• RECORDS FOR THE EXERCISE:
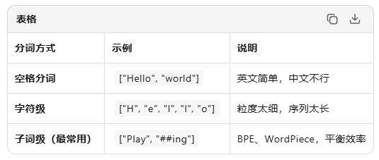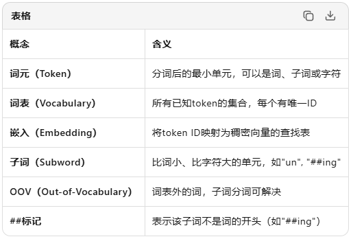 原始文本 → 分词(Tokenization) → 词元(Token) → 词汇表(Vocabulary)
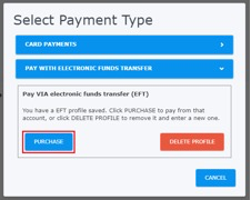 7) Now that your profile has been saved, click on the Purchase button on the Select Payment Type pop-up.
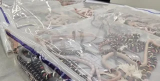 Каждый мешок содержал несколько живых змей разной формы и цвета. После подсчета было найдено 104 змеи.
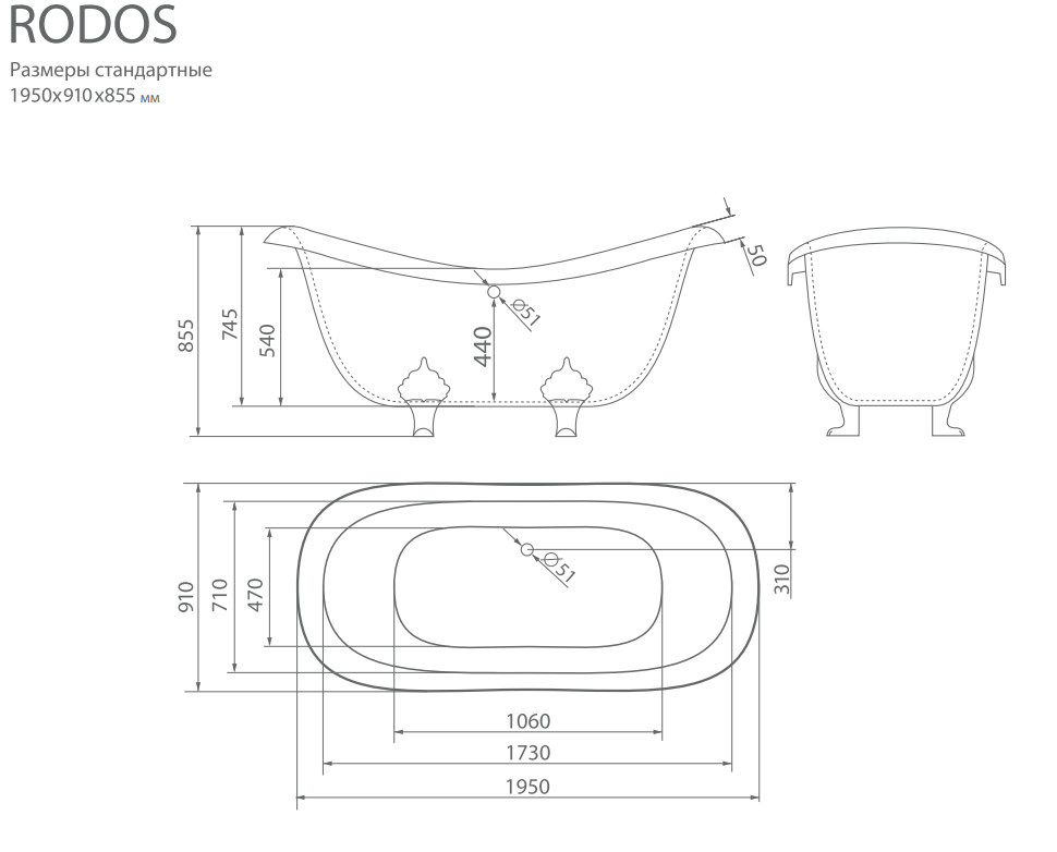 Ванна из искусственного камня ESSE Rodos 195x91 см EROD1950
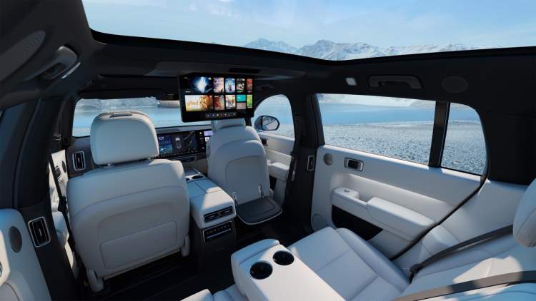 理想L7的后排中央座椅放倒后,即可变成一个超大扶手,与车门上的柔软肘托环抱整个座椅,将一个豪华舒适的电动三人沙发立刻变成两个独立的VIP座椅。配合7.3.4全景声音响系统、双层隔音玻璃,让您拥有沉浸式的音响体验。

• GOAL OF THE EXERCISE: Do not copy pictures. Restate exactly the lines from the one containing "Каждый мешок содержал" through the last line of the records.

• SOLUTION FOR THIS EXERCISE:
 Каждый мешок содержал несколько живых змей разной формы и цвета. После подсчета было найдено 104 змеи.
 Ванна из искусственного камня ESSE Rodos 195x91 см EROD1950
 理想L7的后排中央座椅放倒后,即可变成一个超大扶手,与车门上的柔软肘托环抱整个座椅,将一个豪华舒适的电动三人沙发立刻变成两个独立的VIP座椅。配合7.3.4全景声音响系统、双层隔音玻璃,让您拥有沉浸式的音响体验。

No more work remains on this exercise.